Агота Кристоф родилась в Венгрии; в 1956 году эмигрировала в Швейцарию; в 1986-м, в возрасте 53 лет, написала роман на французском языке под названием “Толстая тетрадь” и… “проснулась знаменитой”: получила премию “Почетная лента франкофонии”, книга была переведена на 15 языков, на ее основе осуществлены театральные постановки. В 1988-м появилось продолжение — “Доказательство”, а в 1991-м — “Третья ложь”.
Хотя и с опозданием, но теперь и нам предоставляется возможность познакомиться с этой трилогией, выпущенной издательством “Лимбус Пресс” в серии “Мастер”.
С первых же страниц текста читатель оказывается вовлеченным в придуманную автором игру: мы внимательно следим за ходом повествования, никак не подозревая, что писатель может воспользоваться нашим доверием и заманить нас в ловушку. Следуя условиям игры текста — “Толстая тетрадь” представляет собой записки двух близнецов — Клауса и Лукаса — о своей жизни в приграничном венгерском городке во время второй мировой войны.
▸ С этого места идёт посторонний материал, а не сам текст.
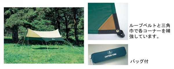 | 素材・材質 | タープ:ナイロン190T(PU加工・防水) ポール:スチールφ22×220 |

“Мы едем из Большого Города. Мы провели в дороге ночь. У нашей матери красные глаза”, — так начинается повествование. Позже мальчики объясняют, зачем им нужен такой телеграфный стиль: “Слова, обозначающие чувство, очень расплывчаты; лучше избегать их употребления и придерживаться описания предметов, людей и себя, то есть точно описывать факты”, так как “…сочинение должно быть правдой…”
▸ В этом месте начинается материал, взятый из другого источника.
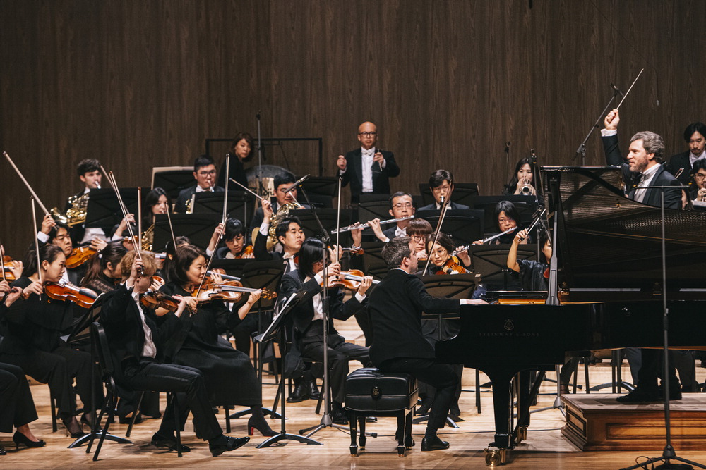 지난해 3월 통영국제음악당에서 열린 통영국제음악제에서 협연 무대를 선보이는 통영페스티벌오케스트라와 피아니스트 베르트랑 샤마유. 통영국제음악제 사무국

Агота Кристоф попыталась рассказать правду не столько о войне и советской оккупации, венгерской революции 56-го года и последующей реакции, сколько правду о душе человека. Исторические реалии — только фон. Недаром в книге нет дат и географических названий. Мы только догадываемся, что Будапешт — это “Большой Город”, что “Маленький Город” находится у границы с Австрией, что “иностранный офицер” — немец, а “новые иностранцы” — русские. И все же — не это главное.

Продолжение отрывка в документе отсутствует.